**** Dataset extract

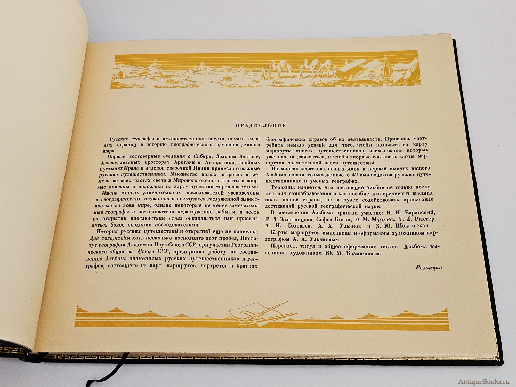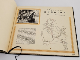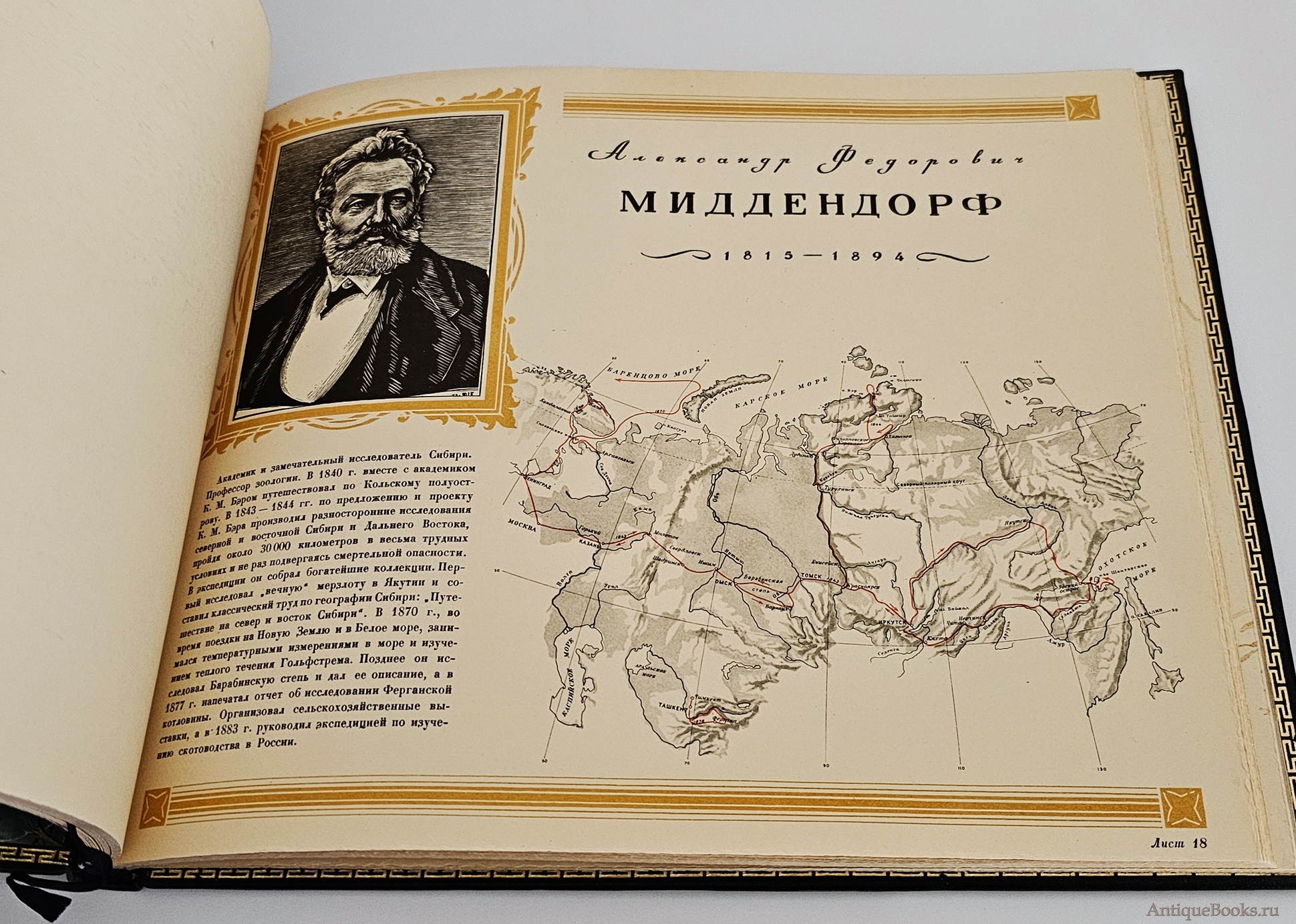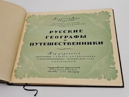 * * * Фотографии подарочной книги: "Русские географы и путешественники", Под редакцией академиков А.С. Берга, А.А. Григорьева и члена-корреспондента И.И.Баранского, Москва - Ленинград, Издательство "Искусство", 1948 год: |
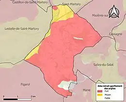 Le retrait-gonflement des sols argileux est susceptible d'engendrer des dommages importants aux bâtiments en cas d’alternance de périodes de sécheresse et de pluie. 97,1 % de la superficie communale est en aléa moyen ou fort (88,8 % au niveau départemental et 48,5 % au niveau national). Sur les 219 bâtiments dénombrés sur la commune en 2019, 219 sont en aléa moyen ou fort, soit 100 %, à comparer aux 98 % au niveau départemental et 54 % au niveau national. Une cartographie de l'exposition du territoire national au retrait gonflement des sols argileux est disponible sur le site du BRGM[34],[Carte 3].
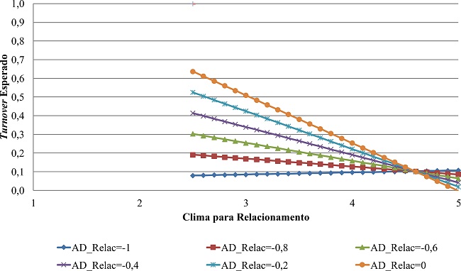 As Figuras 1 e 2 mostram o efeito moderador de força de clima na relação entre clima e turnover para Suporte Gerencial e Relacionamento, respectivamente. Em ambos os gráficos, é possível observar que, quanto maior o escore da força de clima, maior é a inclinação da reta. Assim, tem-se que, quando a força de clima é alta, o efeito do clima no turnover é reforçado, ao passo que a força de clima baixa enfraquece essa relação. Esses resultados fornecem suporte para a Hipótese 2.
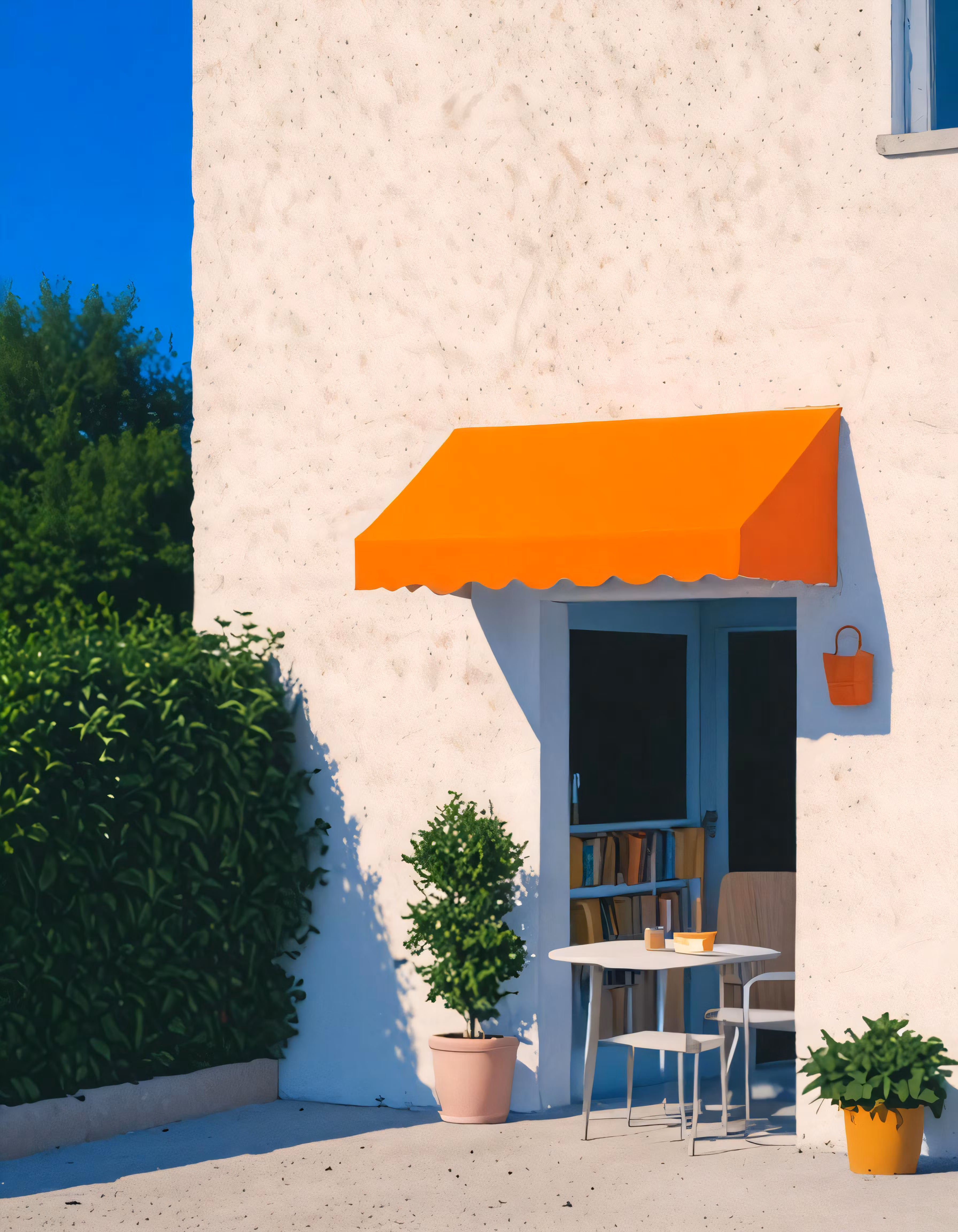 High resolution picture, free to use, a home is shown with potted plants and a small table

********

From the first line to the last, reproduce the listing above exactly, leaving the pictures out.

= Answer space =
 * * * Фотографии подарочной книги: "Русские географы и путешественники", Под редакцией академиков А.С. Берга, А.А. Григорьева и члена-корреспондента И.И.Баранского, Москва - Ленинград, Издательство "Искусство", 1948 год: |
 Le retrait-gonflement des sols argileux est susceptible d'engendrer des dommages importants aux bâtiments en cas d’alternance de périodes de sécheresse et de pluie. 97,1 % de la superficie communale est en aléa moyen ou fort (88,8 % au niveau départemental et 48,5 % au niveau national). Sur les 219 bâtiments dénombrés sur la commune en 2019, 219 sont en aléa moyen ou fort, soit 100 %, à comparer aux 98 % au niveau départemental et 54 % au niveau national. Une cartographie de l'exposition du territoire national au retrait gonflement des sols argileux est disponible sur le site du BRGM[34],[Carte 3].
 As Figuras 1 e 2 mostram o efeito moderador de força de clima na relação entre clima e turnover para Suporte Gerencial e Relacionamento, respectivamente. Em ambos os gráficos, é possível observar que, quanto maior o escore da força de clima, maior é a inclinação da reta. Assim, tem-se que, quando a força de clima é alta, o efeito do clima no turnover é reforçado, ao passo que a força de clima baixa enfraquece essa relação. Esses resultados fornecem suporte para a Hipótese 2.
 High resolution picture, free to use, a home is shown with potted plants and a small table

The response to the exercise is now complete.